Au surplus, il sera ici relevé que l’allongement du temps de trajet domicile/travail ne constituait pas un motif sérieux de refus des deux postes proposés alors qu’il ressort de la consultation effectuée sur le site MAPPY que le trajet était augmenté d’une quinzaine de minutes en cas de recours aux transports en commun mais qu’il était diminué de trois minutes en cas de recours à un véhicule privé.
S’agissant du moyen tiré d’une discrimination liée à son état de santé et à sa situation de travailleur handicapé, il sera retenu, au regard de tous les éléments sus-analysés, que la salariée ne présente pas les éléments de fait laissant supposer l’existence d’une discrimination, comme requis pour application de l’article L 1134-1 du code du travail.
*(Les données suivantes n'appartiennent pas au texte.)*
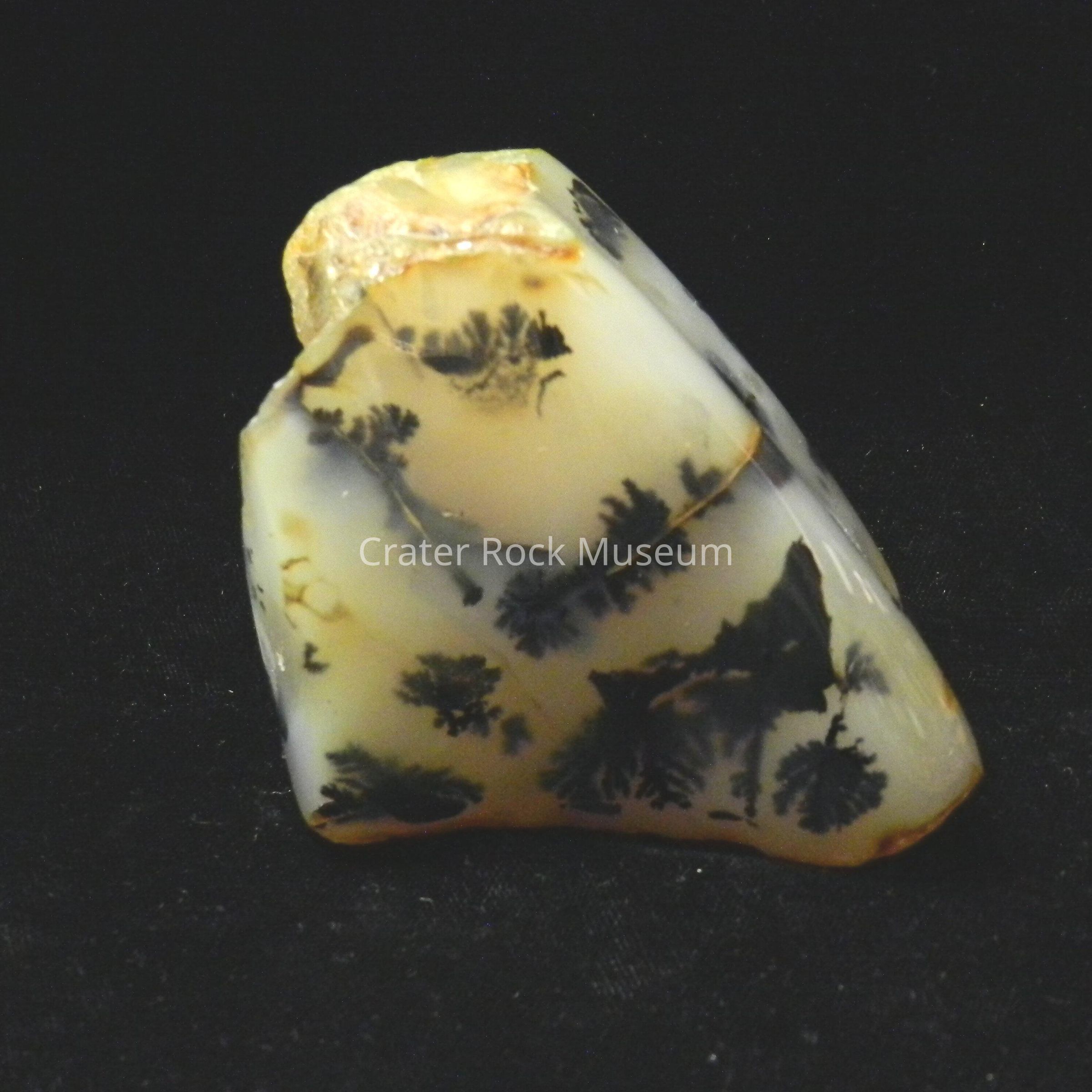 Description: Thick, triangular slab with polished face. Translucent white and blue-gray with reddish-brown highlights and numerous dendritic structures.

Dès lors, aucune discrimination liée à la situation de travailleur handicapé de la salariée ou de sa situation de santé ou de violation de ses droits fondamentaux n’est établie.
En application des dispositions de l’article L 1226-4 du code du travail, dans la mesure où le licenciement est fondé sur l’inaptitude, le préavis, qu’en tout état de cause, Madame Y n’était pas en capacité d’effectuer, n’avait pas à être exécuté. La salariée ne peut donc prétendre au paiement d’une indemnité à ce titre.
Le licenciement pour motif d’inaptitude au poste étant régulier et fondé, Madame Y sera déboutée de l’ensemble de ses demandes. Le jugement sera confirmé en toutes ses dispositions.
Pour des raisons tirées de la situation économique des parties, il ne sera pas fait droit à la demande de la société X SURGELES au titre de ses frais irrépétibles.
PAR CES MOTIFS
La cour, statuant par arrêt contradictoire, rendu en dernier ressort, par voie de mise à disposition au greffe,
CONFIRME le jugement prononcé par le conseil de prud’hommes de Paris le 10 janvier 2014, en toutes ses dispositions,
DEBOUTE la société X SURGELES de sa demande au titre des frais irrépétibles,
CONDAMNE Madame Z Y à supporter les entiers dépens.